▶ _WORK ORDER_
Locate the line that contains "참고로 모든 말리부 라인업에는" in the entries below, then repeat it and every following line through the line that contains "Dámské náramkové hodinky", exactly, and no others.

▶ _INFORMATION SHOWN_
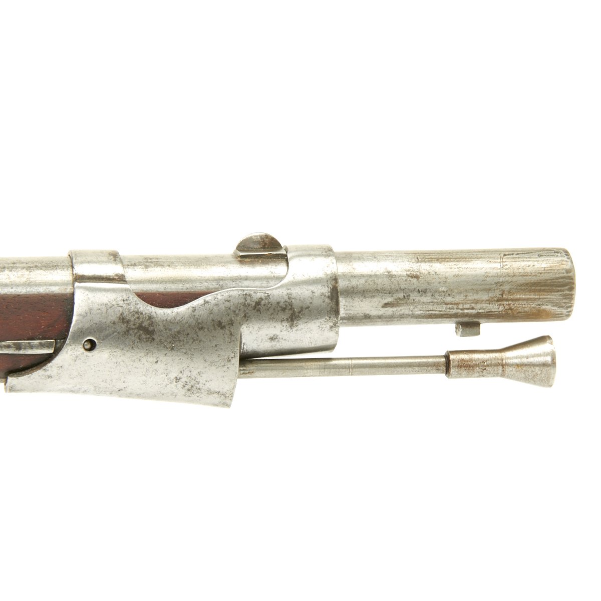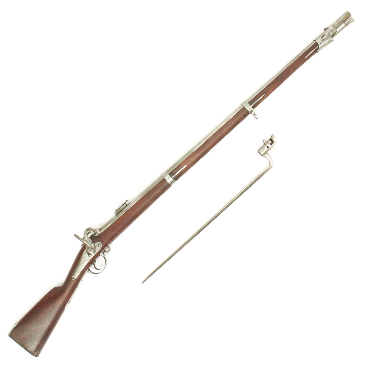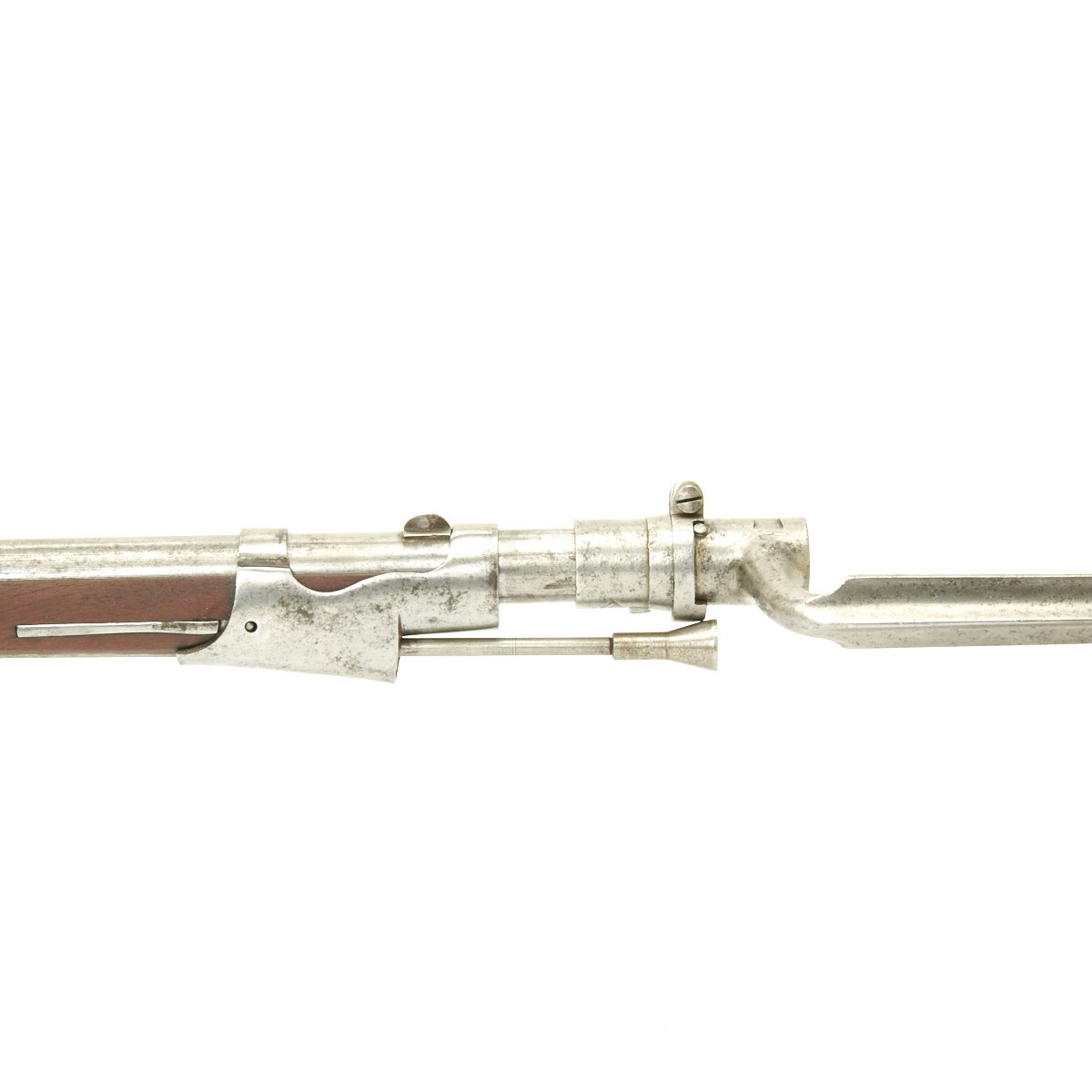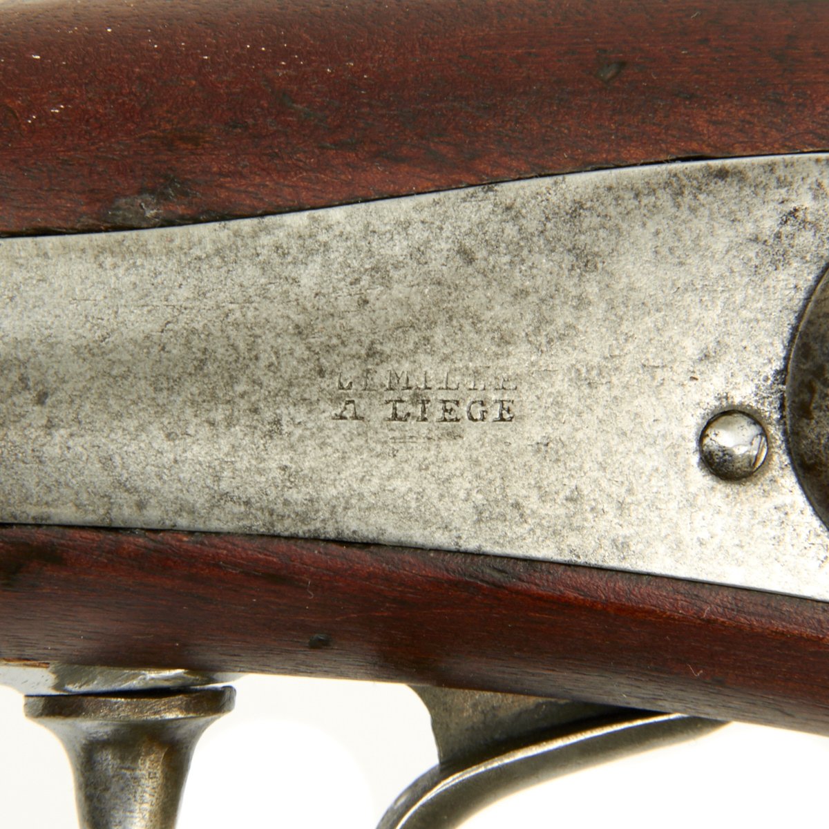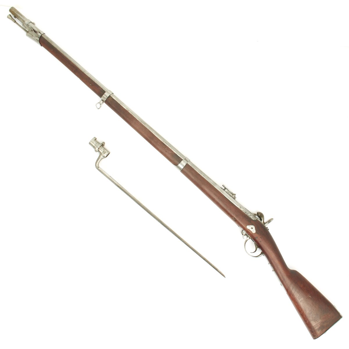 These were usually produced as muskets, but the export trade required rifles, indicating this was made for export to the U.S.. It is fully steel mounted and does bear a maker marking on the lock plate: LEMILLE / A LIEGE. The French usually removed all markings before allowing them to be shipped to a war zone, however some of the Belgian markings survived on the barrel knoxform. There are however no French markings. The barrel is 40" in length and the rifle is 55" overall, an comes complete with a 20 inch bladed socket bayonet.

---

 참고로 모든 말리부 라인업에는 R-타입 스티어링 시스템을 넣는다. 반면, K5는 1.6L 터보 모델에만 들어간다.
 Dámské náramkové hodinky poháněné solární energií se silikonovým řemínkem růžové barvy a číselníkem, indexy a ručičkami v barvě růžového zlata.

▶ _ANSWER_
 참고로 모든 말리부 라인업에는 R-타입 스티어링 시스템을 넣는다. 반면, K5는 1.6L 터보 모델에만 들어간다.
 Dámské náramkové hodinky poháněné solární energií se silikonovým řemínkem růžové barvy a číselníkem, indexy a ručičkami v barvě růžového zlata.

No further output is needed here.